Print the whole listing below exactly as given, pictures excluded.
[COLLECTED DATA Boundary: Start]
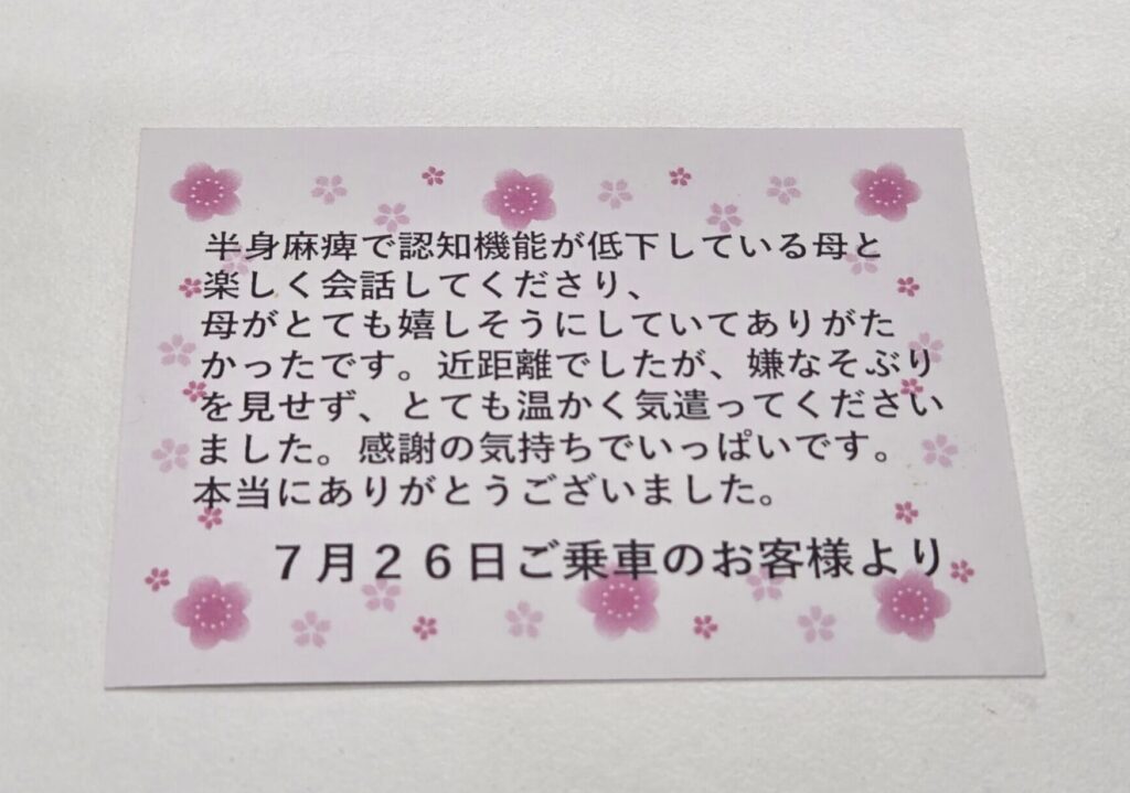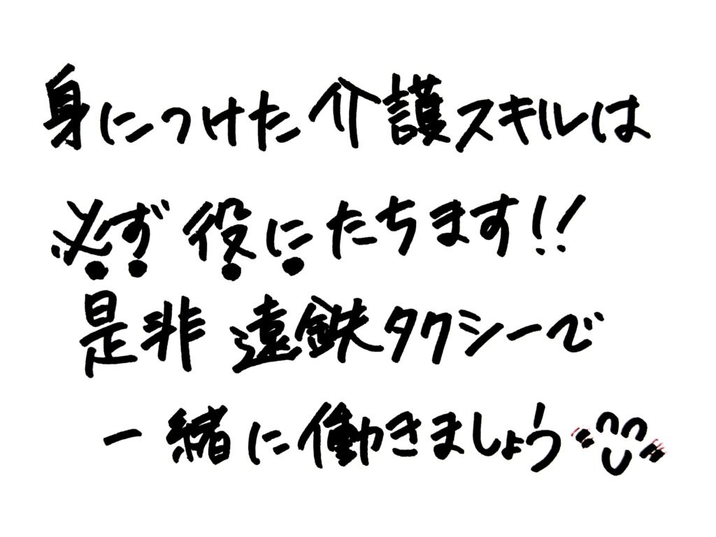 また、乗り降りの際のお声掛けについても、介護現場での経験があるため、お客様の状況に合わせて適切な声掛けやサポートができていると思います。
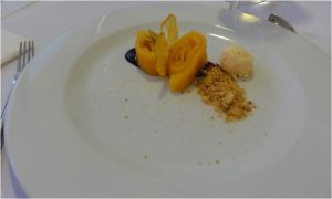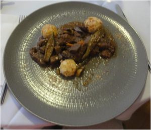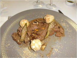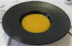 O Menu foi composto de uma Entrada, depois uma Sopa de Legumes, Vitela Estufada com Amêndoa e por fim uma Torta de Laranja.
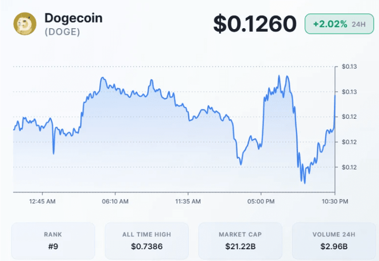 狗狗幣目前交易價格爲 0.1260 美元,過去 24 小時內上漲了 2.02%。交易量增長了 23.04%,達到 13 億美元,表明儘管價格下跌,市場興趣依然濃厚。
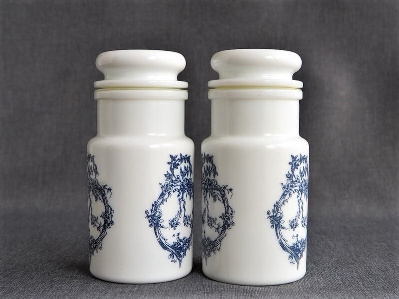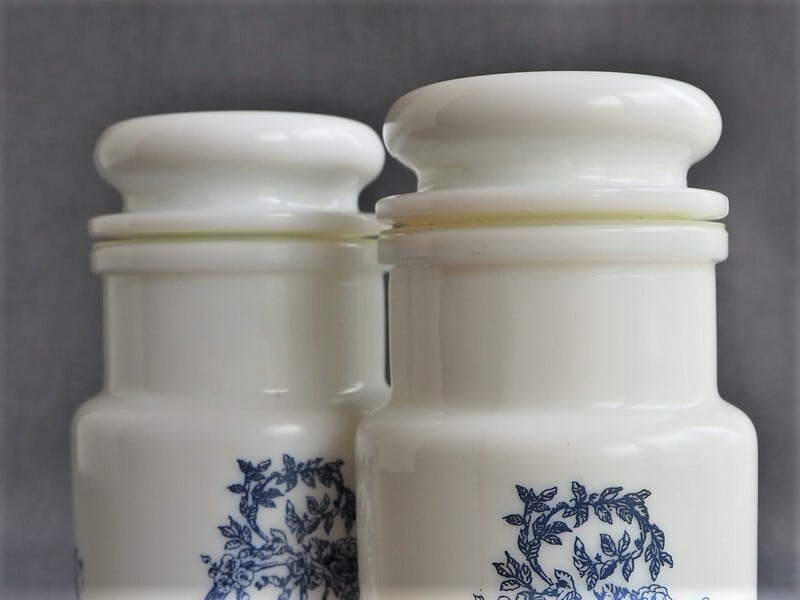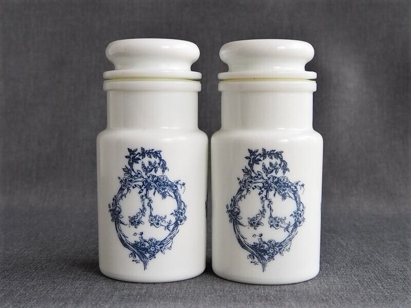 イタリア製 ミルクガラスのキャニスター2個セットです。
[COLLECTED DATA Boundary: End]
### EXERCISE RESULT
 また、乗り降りの際のお声掛けについても、介護現場での経験があるため、お客様の状況に合わせて適切な声掛けやサポートができていると思います。
 O Menu foi composto de uma Entrada, depois uma Sopa de Legumes, Vitela Estufada com Amêndoa e por fim uma Torta de Laranja.
 狗狗幣目前交易價格爲 0.1260 美元,過去 24 小時內上漲了 2.02%。交易量增長了 23.04%,達到 13 億美元,表明儘管價格下跌,市場興趣依然濃厚。
 イタリア製 ミルクガラスのキャニスター2個セットです。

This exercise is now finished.